I was lead designer on this prototype (left) and final Mapper (right) tool used to convert hundreds of textbooks by content experts.
Each of the nearly 1,000 books required creating chapter thumbnails images, a process that often involved a designer. I created a web tool anyone could use to export attractive chapter thumbnail images, including icons for frequently used chapter types like glossary, index, quizes, etc. This tool was loved by non-designers, saved hundreds of hours, and helped ship books faster.
This simple tool creates consistent chapter thumbnail images within a range of theme options.
I created the design system for O’Reilly on Inkling serving mobile-friendly versions of their 50 most popular programming books.
My work at Inkling began translating print textbooks into refined sets of design patterns and templates. This process started with single books, then grew to series of books, and finally to entire libraries of content spanning nearly 1,000 titles.
The O’Reilly books required print to digital translation as well as design refinements to make them mobile-friendly.
O’Reilly books have a good reputation, and I was grateful for the opportunity to work on these iconic books. All Inkling books can be purchased by the chapter, so to retain branding each chapter header was designed to include the cover drawing. Part of my design work involved reading books on my phone, looking for ways to refine the user experience and ensure it was up to my standards.
My designs had to account for a variety of chapter header styles, image sizes, and other dynamic content patterns.
I built several tools to treat books more like databases, making it easy to transform or analyze parts. The Figure Enhancer tool helps authors mark figures in a book that require further code and image enhancement, a manual and error-prone set of tasks until my tool helped automate several steps in the process. And the Discover tool helps analyze HTML patterns in a book and spot inconsistencies and frequency of HTML patterns and code reuse, offering a visual histogram of HTML elements and CSS class names.
Both the Figure Enhancer and Discover tools helped save production time making books and finding errors and inconsistencies at scale.
I built this simple food and mood journal to track how I felt after meals, and it helped me discover a better diet.

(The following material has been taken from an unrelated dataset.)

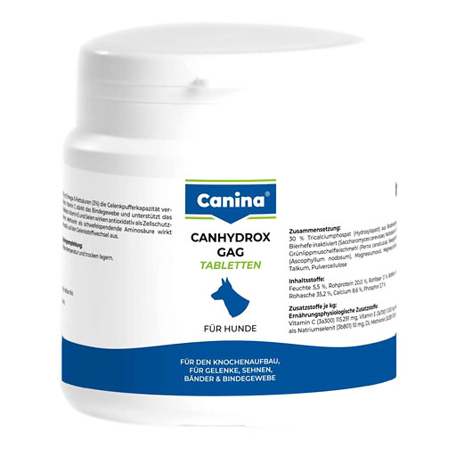 - Dicalciumphosphat: Ein organischer Stoff, der zu 50% im Knochen und zu 90% im Zahn enthalten ist. Er kann die Kallusbildung, die elastische Festigkeit des Knochens, die Ausbildung eines festen Zahnschmelzes, die Ausformung gerader Extremitäten (X- und O-Beine), Durchtrittigkeit und lose Gelenke unterstützen. Bei alten Hunden kann er den Abbau von Knochensubstanz vorbeugen und insgesamt das Skelettsystem unterstützen.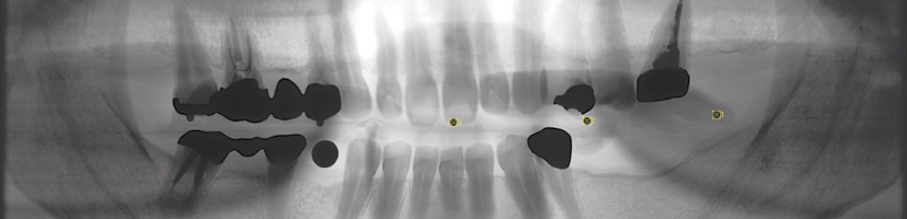 パノラマ写真(写真上)は一般的には全体像を見るのに適したレントゲンですが低解像度なために正確な診断のために追加撮影が必要でしたが、デジタル化によって高解像度化されているためそれだけで必要な情報を得ることができるようになりました。

Most other apps that track foods offer complicated calorie lookups with tens of thousands of foods— Eats tracks whatever you manually enter, which typically is about two dozen basic ingredients, plus complete meals and healthy snacks eaten on the regular.
This newest version of Eats shows a single focused daily calories goal as a clear prompt for action.
Get a summary view of foods you eat frequently.
Tracking basic moods is simple and adding notes is completely optional.
The calendar view averages your mood for the day for a nice concise overview of the month.
For 10 years I ran the website for this 700-person Florida state environmental agency. I collaborated with scientists and environmentalists to author, edit and develop web content and custom apps.
Various webpages on desktop view for the Southwest Florida Water Management District, a state government agency in charge of protecting water for 16 counties in the Tampa Bay area.
I designed and built this water use calculator to visualize household water use as jugs of water and translate numbers into a meaningful and impactful visual image.
This water calculator helped students and residents visualize their water use at home—lawn sprinklers have a huge impact—and pledge to reduce their use by 10%. This was one of our most effective web campaigns.
I designed, coded, and shot field photography for a series of educational websites exploring Tampa Bay’s rivers and watersheds.
This remains one of my favorite projects to date, getting the opportunity to take photography in the field, do historic research for content and photos, work with maps of my local watershed was a treat.